The use of encapsulation technologies or delivery devices may provide additional safety for stem cell therapies. Living cells can be encapsulated in cellulose sulphate, alginate, or phycomer beads. Such encapsulated cells survive for long periods inside an immunoprotective scaffold or shell which is porous. Implantation of such encapsulated cells allows the production and release of therapeutic factors and even either physiological or engineered control of this process. Microbeads made of polymers of cellulose sulphate are particularly of interest since they have already been tested in patients for up to two years without any evidence of adverse events. GMP production is possible, encapsulated cells can be frozen for long term storage and many cell types have been successfully encapsulated.
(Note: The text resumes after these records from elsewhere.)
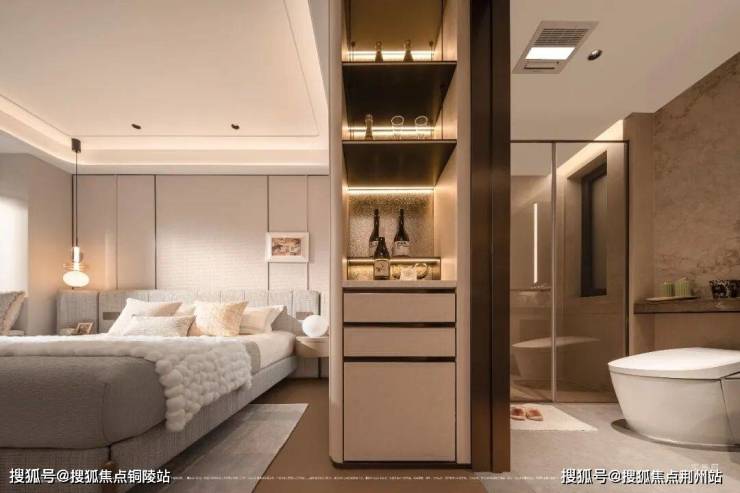 南向双卧全明通透,主卧奢享升级套房设计,门口预留次净衣区,衔接独立卫浴,搭配整墙定制衣柜与双柜布局,最大化收纳潜能;
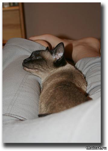 Истинный Тайчатник может часами стоять на коленях любуясь спящей на коврике кошкой.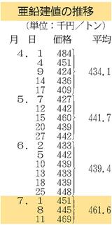 黄銅棒原料購入値/14円下げの1019円/日本伸銅

Encapsulation of cells would allow suicide genes to be used as a fail-safe, since regardless of the material used, encapsulated cells are protected from the host immune system. Encapsulation of cells is not an option if the stem cells have to physically integrate into the patient’s tissue to provide a therapeutic effect. However, evidence has been accumulating that contrary to popular belief, stem cells do not replace dead, dying or functionally inactive cells since their therapeutic effects can be measured quite rapidly after implantation. It seems more likely that stem cells exert their therapeutic benefits via paracrine effects by immunomodulation, producing survival factors, wound healing mediators, anti-inflammatory and apoptotic factors as well as recruiting the body’s own stem cells. All in all, yet further good news is on the horizon.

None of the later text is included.